**Exercise details:**
Repeat exactly the lines of the entries below from the one with "Giusto senza glutine" through the one with "Marketing Oops! Admin.", both ends included, and nothing else.

(Records provided)

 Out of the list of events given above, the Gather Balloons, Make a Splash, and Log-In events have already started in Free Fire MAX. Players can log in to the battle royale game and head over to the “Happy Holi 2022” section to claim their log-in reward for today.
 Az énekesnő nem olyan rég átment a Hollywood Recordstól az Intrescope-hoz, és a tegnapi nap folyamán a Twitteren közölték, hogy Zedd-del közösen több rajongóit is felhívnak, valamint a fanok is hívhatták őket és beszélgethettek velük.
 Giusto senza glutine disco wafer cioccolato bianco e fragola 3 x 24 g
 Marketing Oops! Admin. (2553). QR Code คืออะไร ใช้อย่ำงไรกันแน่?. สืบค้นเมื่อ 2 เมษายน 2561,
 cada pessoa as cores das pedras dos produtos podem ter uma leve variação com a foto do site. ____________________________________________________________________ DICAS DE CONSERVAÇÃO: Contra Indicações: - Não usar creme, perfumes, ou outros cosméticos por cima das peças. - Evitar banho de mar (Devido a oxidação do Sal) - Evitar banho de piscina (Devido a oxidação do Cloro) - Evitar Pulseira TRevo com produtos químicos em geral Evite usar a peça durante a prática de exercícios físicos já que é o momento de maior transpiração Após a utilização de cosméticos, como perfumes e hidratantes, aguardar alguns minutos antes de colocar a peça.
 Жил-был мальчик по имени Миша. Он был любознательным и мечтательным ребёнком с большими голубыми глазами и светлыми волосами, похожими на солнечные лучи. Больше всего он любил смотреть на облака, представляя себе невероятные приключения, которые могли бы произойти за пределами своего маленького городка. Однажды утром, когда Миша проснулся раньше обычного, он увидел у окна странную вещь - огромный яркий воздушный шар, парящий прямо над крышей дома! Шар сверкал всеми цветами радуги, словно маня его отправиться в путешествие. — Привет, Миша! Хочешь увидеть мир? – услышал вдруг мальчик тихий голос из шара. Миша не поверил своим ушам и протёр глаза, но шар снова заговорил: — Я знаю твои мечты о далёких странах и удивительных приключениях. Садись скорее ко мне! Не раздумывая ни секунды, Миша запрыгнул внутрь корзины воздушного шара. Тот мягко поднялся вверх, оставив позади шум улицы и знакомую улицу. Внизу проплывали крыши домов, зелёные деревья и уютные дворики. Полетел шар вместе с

(End Records provided)
(Records provided)

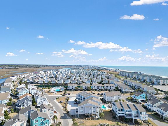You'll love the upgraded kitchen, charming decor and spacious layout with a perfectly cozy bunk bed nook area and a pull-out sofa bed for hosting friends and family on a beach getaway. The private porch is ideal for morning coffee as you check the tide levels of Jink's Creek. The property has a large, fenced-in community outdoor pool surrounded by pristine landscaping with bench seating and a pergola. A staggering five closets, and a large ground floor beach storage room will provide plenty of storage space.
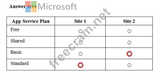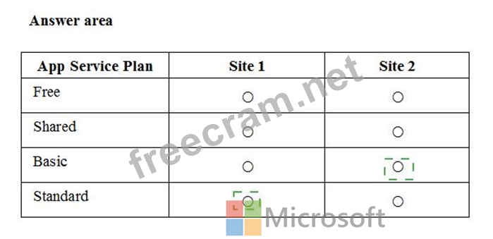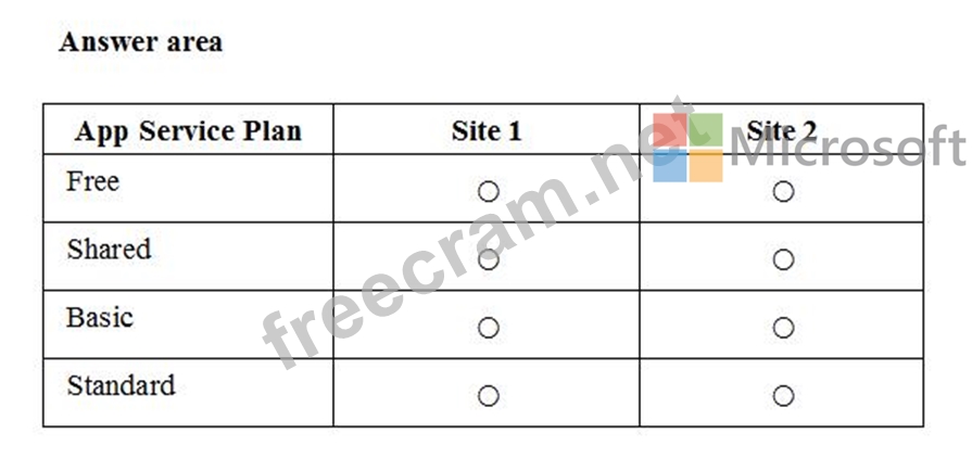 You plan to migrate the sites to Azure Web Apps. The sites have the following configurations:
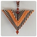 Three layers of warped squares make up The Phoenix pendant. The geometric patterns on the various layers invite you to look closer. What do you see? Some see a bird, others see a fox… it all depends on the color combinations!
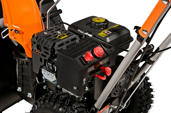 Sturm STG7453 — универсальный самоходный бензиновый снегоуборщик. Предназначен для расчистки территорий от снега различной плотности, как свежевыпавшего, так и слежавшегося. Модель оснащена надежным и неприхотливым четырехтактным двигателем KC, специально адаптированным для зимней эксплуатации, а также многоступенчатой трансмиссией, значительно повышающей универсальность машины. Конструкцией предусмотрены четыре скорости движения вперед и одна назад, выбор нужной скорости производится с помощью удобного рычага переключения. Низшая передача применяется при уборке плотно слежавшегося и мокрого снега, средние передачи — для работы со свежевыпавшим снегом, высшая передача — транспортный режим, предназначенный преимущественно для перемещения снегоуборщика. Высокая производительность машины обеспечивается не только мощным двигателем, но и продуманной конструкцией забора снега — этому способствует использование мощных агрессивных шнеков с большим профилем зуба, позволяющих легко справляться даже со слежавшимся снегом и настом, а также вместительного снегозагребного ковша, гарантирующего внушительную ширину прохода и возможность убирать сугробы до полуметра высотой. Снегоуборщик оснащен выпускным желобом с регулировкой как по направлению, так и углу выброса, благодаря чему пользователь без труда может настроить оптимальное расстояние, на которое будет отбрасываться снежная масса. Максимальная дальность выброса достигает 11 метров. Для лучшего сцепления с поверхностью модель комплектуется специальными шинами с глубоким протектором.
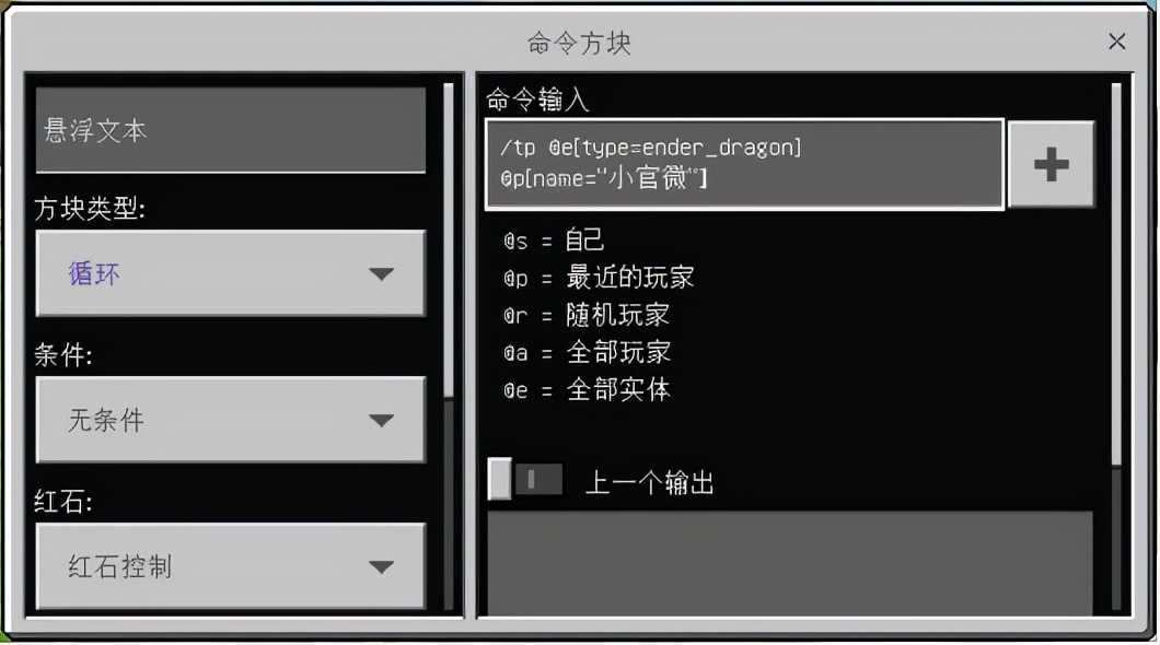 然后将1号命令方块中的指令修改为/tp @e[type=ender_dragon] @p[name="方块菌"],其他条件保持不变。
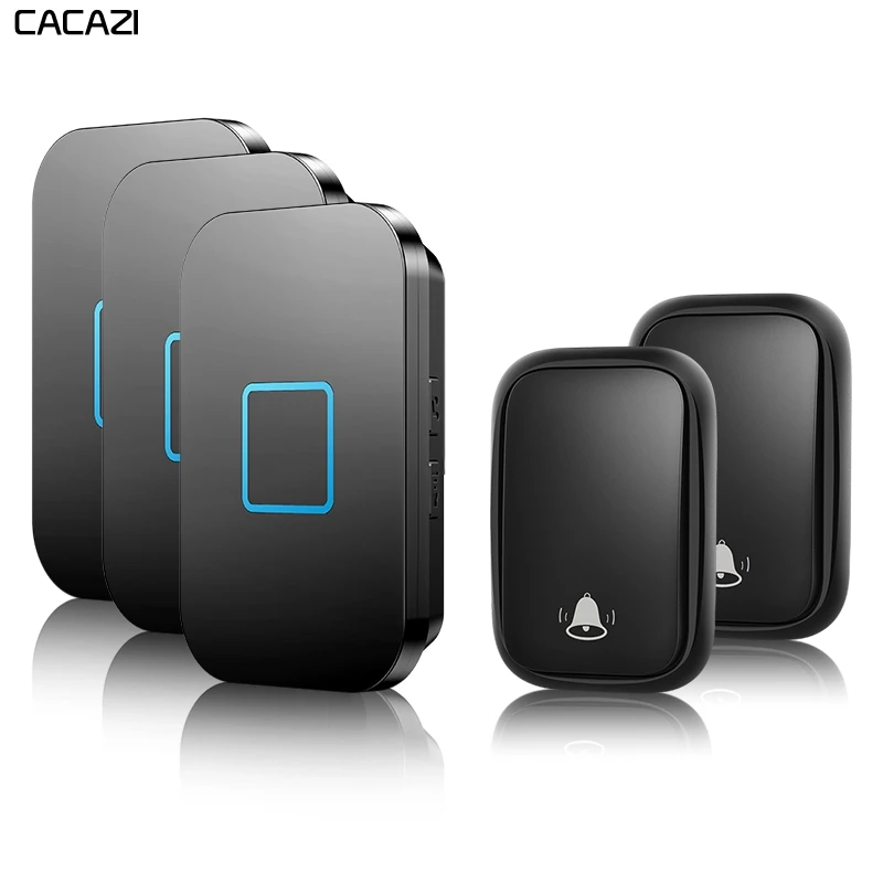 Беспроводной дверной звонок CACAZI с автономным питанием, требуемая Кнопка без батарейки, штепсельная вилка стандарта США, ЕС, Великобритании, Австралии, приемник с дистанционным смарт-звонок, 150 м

(End Records provided)

**Your solution:**
 Giusto senza glutine disco wafer cioccolato bianco e fragola 3 x 24 g
 Marketing Oops! Admin. (2553). QR Code คืออะไร ใช้อย่ำงไรกันแน่?. สืบค้นเมื่อ 2 เมษายน 2561,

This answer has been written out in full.